WHAT YOU ARE ASKED TO DO: Reproduce the listing exactly, with no pictures in your copy.
*** MATERIAL PROVIDED Section Begins ***
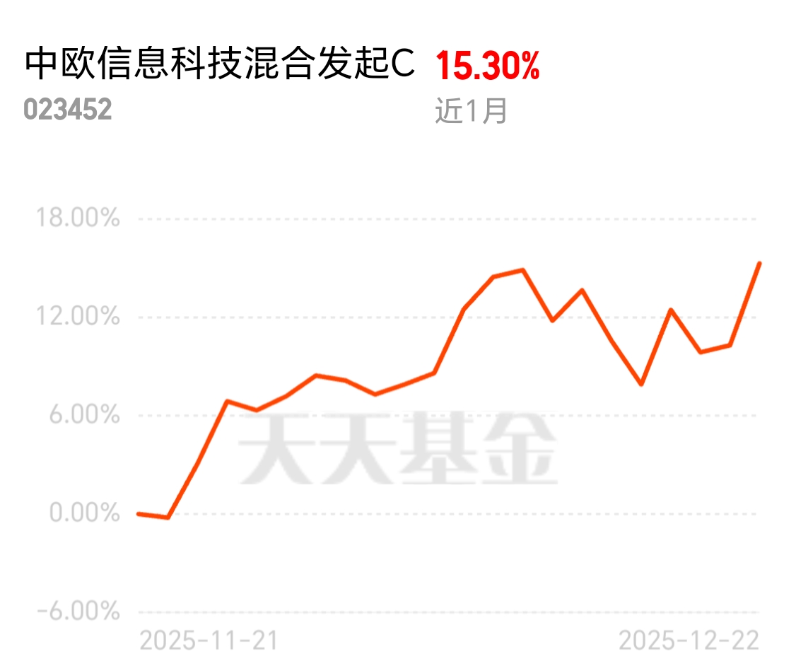 消费电子、光模块成市场香饽饽,科技板块强势反弹,中欧信息科技混合发起 C 近 1 个月 15.30%,聚焦核心资产抓上涨机会。$中欧信息科技混合发起C$
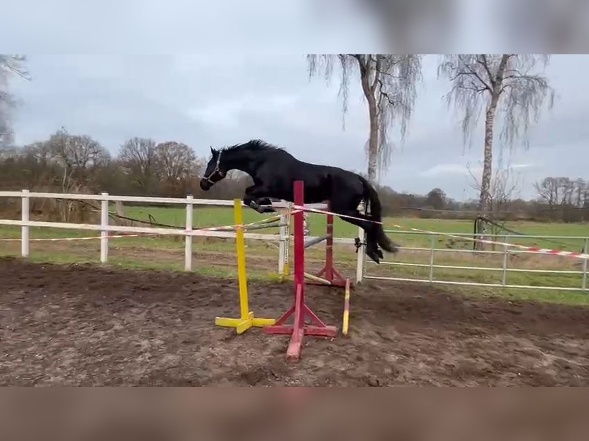 I purchased this mare myself just last year. Shortly thereafter, I found out I was expecting twins. This mare is so eager to learn that it would be a shame for her to stand around unused. She was originally intended to be my future competition horse, but unfortunately, I simply won't have the time to train her properly. She is worked on a daily basis. The mare is very affectionate and enjoys cuddling. She has such quick, agile front legs when jumping. It’s really a pity that I have to part with her, but she would feel more comfortable with a rider who actively works with her. I lunged her for three or four months to properly prepare her for riding. Afterwards, I sat on her (while pregnant). I always felt confident with her, otherwise I wouldn’t have done it. After the fourth ride, I felt the urge to go for a walk in the field at a walk. She is simply so well-behaved. There’s no need to longe her before riding. She has enough go and is not overly hot or spirited under saddle. We don’t have an indoor riding arena, and she has always been ridden outside next to a road. That doesn’t bother her. We have also been out on two trail rides. I can imagine someone who enjoys high-level show jumping but also rides dressage or eventing. I also see her fitting well with a young, ambitious rider because she is so calm and reliable. The mare is absolutely stunning. Just look at her and fall in love.
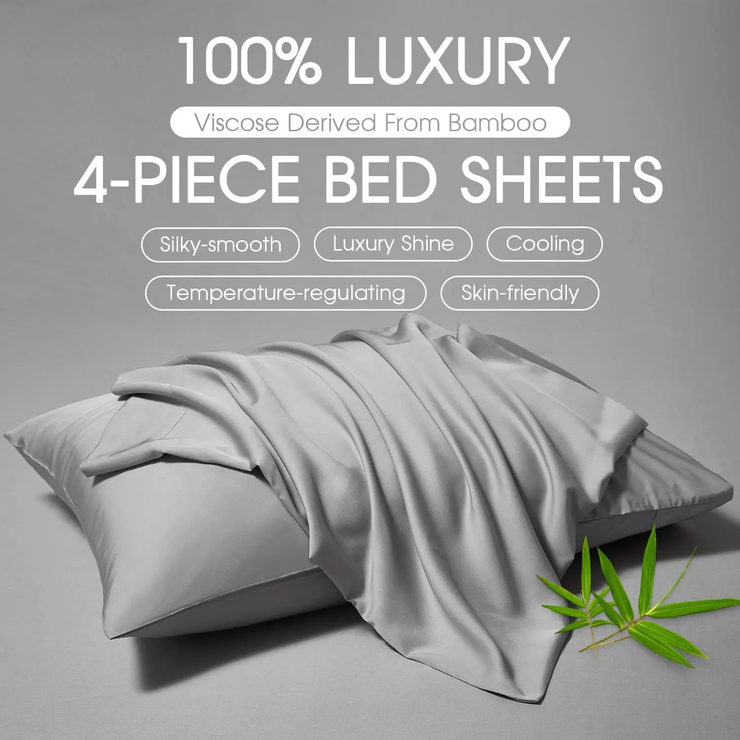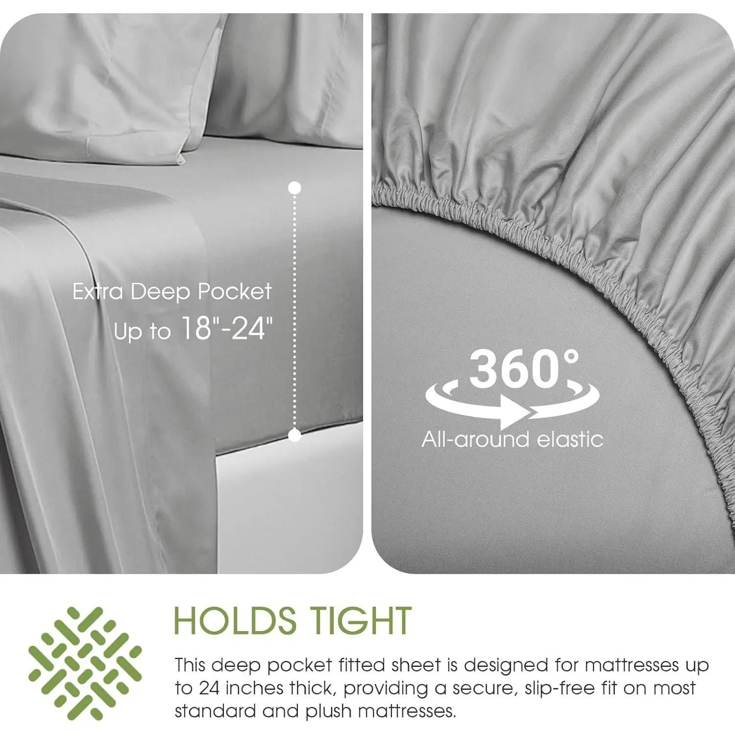 Our luxury sheets are made from rayon derived from bamboo, which is manufactured in an environmentally friendly way.Fibers from our sheets are extremely soft, luxury and feel like to perfect temperature to help you sleep more comfortably.LUXURY LOOK & SILKY SOFTNESS Our Sheets are an incredibly soft fabric, and its special weave leaves materials feeling silkier and often more luxurious.All you have to do is run your hands across some sheets to discover how silky they really are.COOLING AND MOISTER-WICKING SHEETS Our Sheets has excellent temperature regulating properties, which means that the bed sheets are designed to keep you cool on summer nights and warm on chilly winters.This is an ideal option for hot sleepersFits Extra Deep Mattress - extra deep pocket sheet set fits 18" - 24" inches extra-deep mattresses,it perfect for extra tall and thick mattresses,memory foam toppers,air or double pillow-top mattresses,and our fitted sheets will not slips off.Size Dimensions - 4 pcs queen sheet set, includes 1 flat sheet (90"x102"),1 fitted sheet (60"x80") and 2 pillowcases (20"x30").Machine washable and this sheet set is finished with fine stitching to ensure a good level of comfort to last for years.
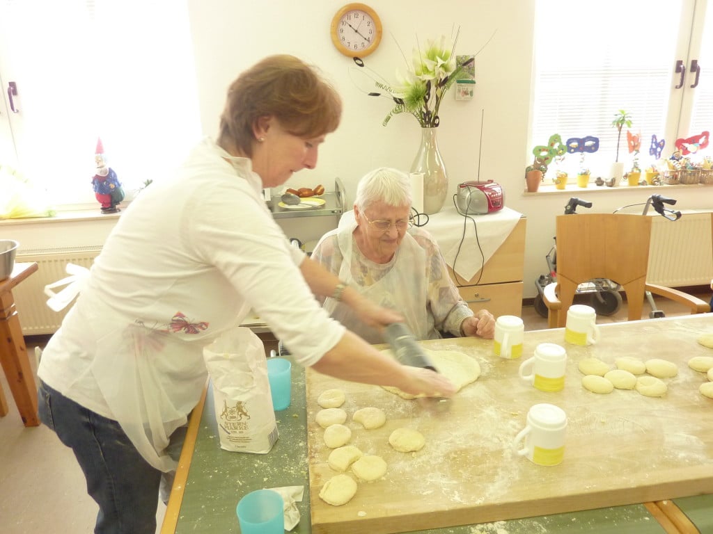 Die närrische Zeit des Jahres ist angebrochen. Grund genug, eine lieb gewonnene Tradition in unserem Haus Königsland aufleben zu lassen: Jedes Jahr zur Faschingszeit backen unsere Seniorinnen und Senioren, zusammen mit der sozialen Betreuung, die typischen „Fasenachtskichelscher“. Die leckeren Berliner sind bei unseren BewohnerInnen heiß begehrt und dürfen in der fünften Jahreszeit nicht fehlen. Den Teig stellten die Bewohner in unserer geräumigen Küche selbst her. Rechtzeitig zum Nachmittagskaffee waren die Leckereien fertig – und es duftete herrlich in unserem Haus!
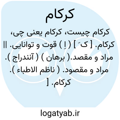 کرکام. [ ک َ ] ( اِ ) قوت و توانایی. || مراد و مقصد.( برهان ) ( آنندراج ). مراد و مقصود. ( ناظم الاطباء ).
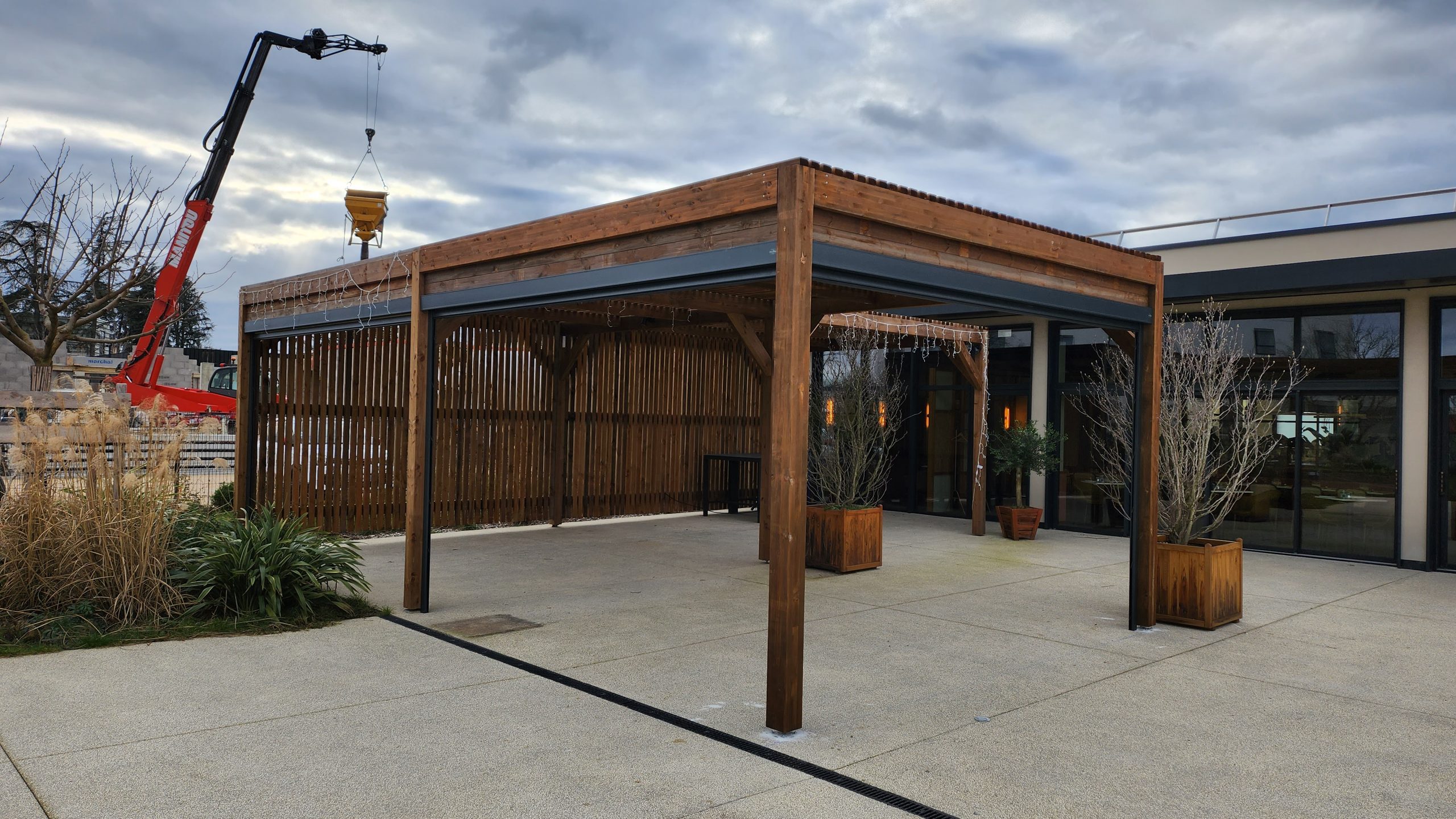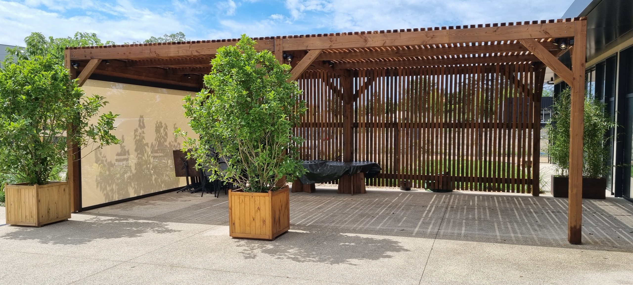 Espace de plaisir par une chaude journée d’été, pour se ressourcer, se rafraîchir sous un abri ombragé. PERGOLAS :
*** MATERIAL PROVIDED Section Ends ***
SOLUTION:
 消费电子、光模块成市场香饽饽,科技板块强势反弹,中欧信息科技混合发起 C 近 1 个月 15.30%,聚焦核心资产抓上涨机会。$中欧信息科技混合发起C$
 I purchased this mare myself just last year. Shortly thereafter, I found out I was expecting twins. This mare is so eager to learn that it would be a shame for her to stand around unused. She was originally intended to be my future competition horse, but unfortunately, I simply won't have the time to train her properly. She is worked on a daily basis. The mare is very affectionate and enjoys cuddling. She has such quick, agile front legs when jumping. It’s really a pity that I have to part with her, but she would feel more comfortable with a rider who actively works with her. I lunged her for three or four months to properly prepare her for riding. Afterwards, I sat on her (while pregnant). I always felt confident with her, otherwise I wouldn’t have done it. After the fourth ride, I felt the urge to go for a walk in the field at a walk. She is simply so well-behaved. There’s no need to longe her before riding. She has enough go and is not overly hot or spirited under saddle. We don’t have an indoor riding arena, and she has always been ridden outside next to a road. That doesn’t bother her. We have also been out on two trail rides. I can imagine someone who enjoys high-level show jumping but also rides dressage or eventing. I also see her fitting well with a young, ambitious rider because she is so calm and reliable. The mare is absolutely stunning. Just look at her and fall in love.
 Our luxury sheets are made from rayon derived from bamboo, which is manufactured in an environmentally friendly way.Fibers from our sheets are extremely soft, luxury and feel like to perfect temperature to help you sleep more comfortably.LUXURY LOOK & SILKY SOFTNESS Our Sheets are an incredibly soft fabric, and its special weave leaves materials feeling silkier and often more luxurious.All you have to do is run your hands across some sheets to discover how silky they really are.COOLING AND MOISTER-WICKING SHEETS Our Sheets has excellent temperature regulating properties, which means that the bed sheets are designed to keep you cool on summer nights and warm on chilly winters.This is an ideal option for hot sleepersFits Extra Deep Mattress - extra deep pocket sheet set fits 18" - 24" inches extra-deep mattresses,it perfect for extra tall and thick mattresses,memory foam toppers,air or double pillow-top mattresses,and our fitted sheets will not slips off.Size Dimensions - 4 pcs queen sheet set, includes 1 flat sheet (90"x102"),1 fitted sheet (60"x80") and 2 pillowcases (20"x30").Machine washable and this sheet set is finished with fine stitching to ensure a good level of comfort to last for years.
 Die närrische Zeit des Jahres ist angebrochen. Grund genug, eine lieb gewonnene Tradition in unserem Haus Königsland aufleben zu lassen: Jedes Jahr zur Faschingszeit backen unsere Seniorinnen und Senioren, zusammen mit der sozialen Betreuung, die typischen „Fasenachtskichelscher“. Die leckeren Berliner sind bei unseren BewohnerInnen heiß begehrt und dürfen in der fünften Jahreszeit nicht fehlen. Den Teig stellten die Bewohner in unserer geräumigen Küche selbst her. Rechtzeitig zum Nachmittagskaffee waren die Leckereien fertig – und es duftete herrlich in unserem Haus!
 کرکام. [ ک َ ] ( اِ ) قوت و توانایی. || مراد و مقصد.( برهان ) ( آنندراج ). مراد و مقصود. ( ناظم الاطباء ).
 Espace de plaisir par une chaude journée d’été, pour se ressourcer, se rafraîchir sous un abri ombragé. PERGOLAS :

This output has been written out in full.